Name: Dominic Hamel
Weight: 205 lbs.
Acquired: 2021 MLB Draft, 3rd Round (Dallas Baptist University)
After lettering twice at Hamilton High School in Chandler, Arizona, Dominic Hamel went on to graduate and attend Yavapai College, a community college in Prescott, Arizona. He posted a 2.67 ERA in 67.1 innings in his freshman year and a 3.68 ERA in 73.1 innings in his sophomore year. His peripheral numbers in 2018 were excellent, with 29 walks and 79 strikeouts, but he regressed a bit in 2019, walking 44 and striking out 84. His 2019 sophomore season would end up being his last at Yavapai, as he transferred to Dallas Baptist University for the 2020 season, his junior year.
Appearing as the Patriots’ Sunday starter, Hamel started four games before the NCAA cancelled the remainder for the 2020 season due to the COVID-19 pandemic. In those 4 starts, he posted a 4.58 ERA in 19.2 innings, allowing 13 hits, walking 7, and striking out 27. He went undrafted in the 2020 MLB Draft and returned to Dallas Baptist for his senior season. He was the Patriots’ Friday night ace, throwing 91.2 innings with a 4.22 ERA, allowing 68 hits, walking 34, and striking out 136, a Dallas Baptist record and most in the Missouri Valley Conference in 2021 by a wide margin. With their third-round draft pick, the Mets selected Hamel, signing him for $755,300, exactly the MLB-assigned slot value.
Standing 6’2” and weighing 205-pounds, Hamel has a solid pitching frame. He logged nearly 100 innings in 2021 and should be able to handle a starter’s workload in the future. The right-hander throws from a high-three-quarters arm slot, with a long action through the back. He gets good extension in his delivery and generally stays on top of his pitches, giving them downward plane.
His fastball sits in the low-to-mid-90s, generally sitting 90-94 and topping out at 96 MPH. The pitch averaged a little over 2400 RPM last season, making it above-average in terms of that measurement.
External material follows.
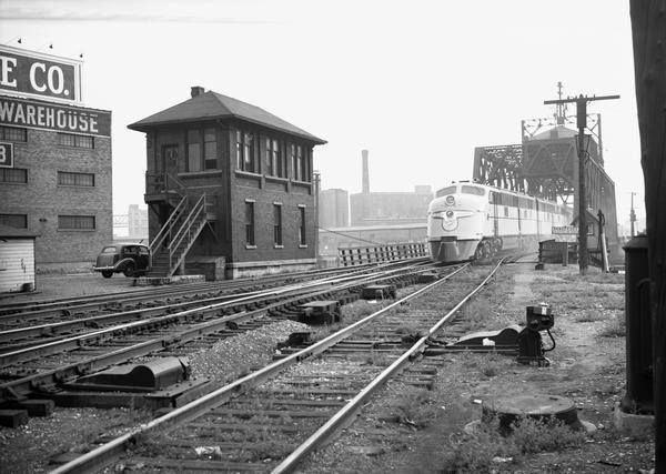 Train #401 approaching Milwaukee's Lakefront crossing Milwaukee River swing bridge with railroad tower on left. Date & photographer unknown
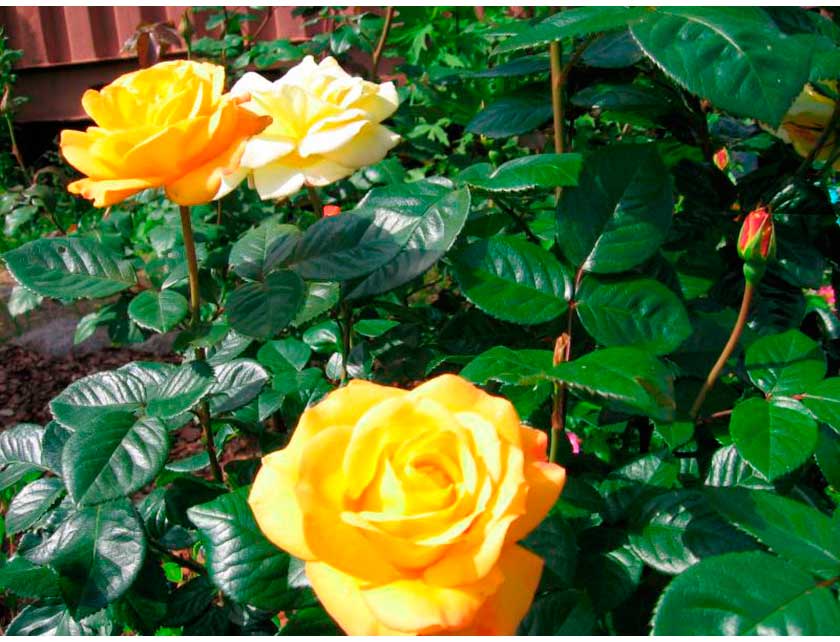 Роза парковая Чайнатаун - это великолепное растение с кремово-желтыми цветками, украшенными темно-розовыми штрихами. Ее ствол прочный, а листья имеют изящную форму, что делает эту розу по-настоящему уникальной. Высота растения может достигать 90-110 см, что позволяет создать великолепные групповые посадки в саду или на клумбе.

Combined with where the ball comes out of his hand, the ball has rising life, making it difficult for batters to square up on. His command of the pitch is far from pinpoint, and he sometimes loses the top of the zone when attacking hitters upstairs.
He complements his heater with a slider, curveball, and changeup, the two latter pitches also showing high spin rates just like his fastball. When Hamel is struggling, his slider and curveball sometimes blend together, but they are two distinct pitches, a low-80s slider with late sweepy break thanks to its 3000 RPM of spin and a mid-70s curveball with big downward break. Both tunnel well with his fastball when he is able to maintain his release point and their distinct shapes and have the potential to be average-or-better pitches with some work. His changeup lags far behind his curve and slider and is a decidedly below-average pitch in the present, but he does have a feel for it and the offering could develop into something average with more usage and refinement. Sitting in the low-80s, it has some late fade, but is generally a firm pitch. Like his fastball, his command of his secondaries is far from precise, though changes in his mechanics made when he began pitching for Dallas Baptist are encouraging for additional future improvement.